# lbs vs liters



## Ben Brewcat (Oct 27, 2004)

First note that you'll have a LOT of headspace in your bucket. That's fine for fermenting, but less than ideal for extended aging. 

My stab w/o calculator is that this recipe will be pretty sweet and certainly alcoholic. A 1:4 ratio gives a must of... about 1.086, and sugar yields 45 ppg for a total of 1.144-some. That's in the ballpark of 19% alcohol, more than mortal yeasts will routinely handle. I'm only saying that adding more honey wouldn't be of much benefit IMO. Substituting honey for the sugar though, or leaving out the sugar, might be more in line with traditional preparations.

You didn't mention what yeast you're using... what are you looking for in your mead: sweeter, drier? More or "too much" honey just doesn't get turned to alcohol (the yeast give up after so much alcohol, depending on the strain) and you taste it as sweetness proportional to the amount left; no problem there.

As far as the pound thing, I'll leave that to those craftier than I in the weird ways of weights and measures.


----------



## Vinman (Sep 7, 2005)

The only yeasts readily available to me are champagne yeast and brewer's yeast, so champagne yeast.

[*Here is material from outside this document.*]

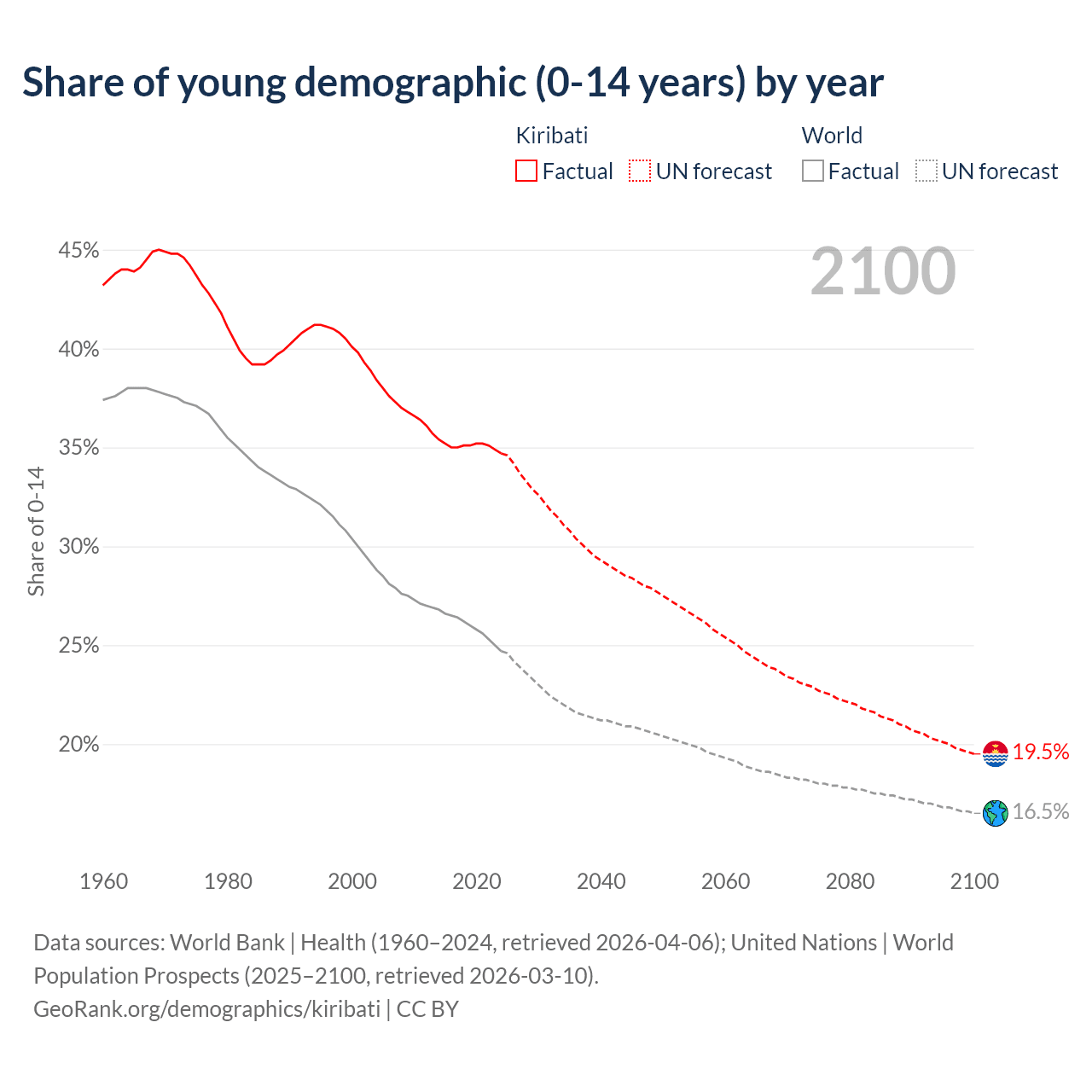 The share of children aged 0-14 in Kiribati decreased from 38.4% to 34.7% between 2004 and 2024 due to changes in birth rates.

I do plan on using a yeast nutrient after seeing how weak fermentation was when I made rasberry mead last spring, without it.


----------



## Ben Brewcat (Oct 27, 2004)

Champagnes are roughly 18%, not knowing the particular critter, so that'll be a pretty alcoholic somewhat sweet mead, so plan for some aging. I concur FWIW with the noots. Have fun!


----------



## Drunkin (Mar 15, 2006)

The Reason it's pounds and not fluid oz is because it's easier for most beekeeps when it's in the frame to measure the amount of honey. 6lbs of honey works out to about 1 gallon or 4 litres, or at least with the abscence of a calculator that is a rough estimate.


----------



## sqkcrk (Dec 10, 2005)

Have you ever filled up one hundred 55 gallon drums? Fill them all to the same level. You'll get different weights.


----------



## Ben Brewcat (Oct 27, 2004)

A gallon of honey is typically in the ballpark of 12 pounds.


----------



## Aspera (Aug 1, 2005)

Vinman, some brewers yeast can be quite good. If you have the Chico ale strain (Sierra Nevada, 1056, sfale 56) it makes a very nice straight mead. Your recipe looks good, you may wish to try more honey and less sugar). I try not to go over 20% of the fermentables as sugar because you'll loose much of the honey taste.


----------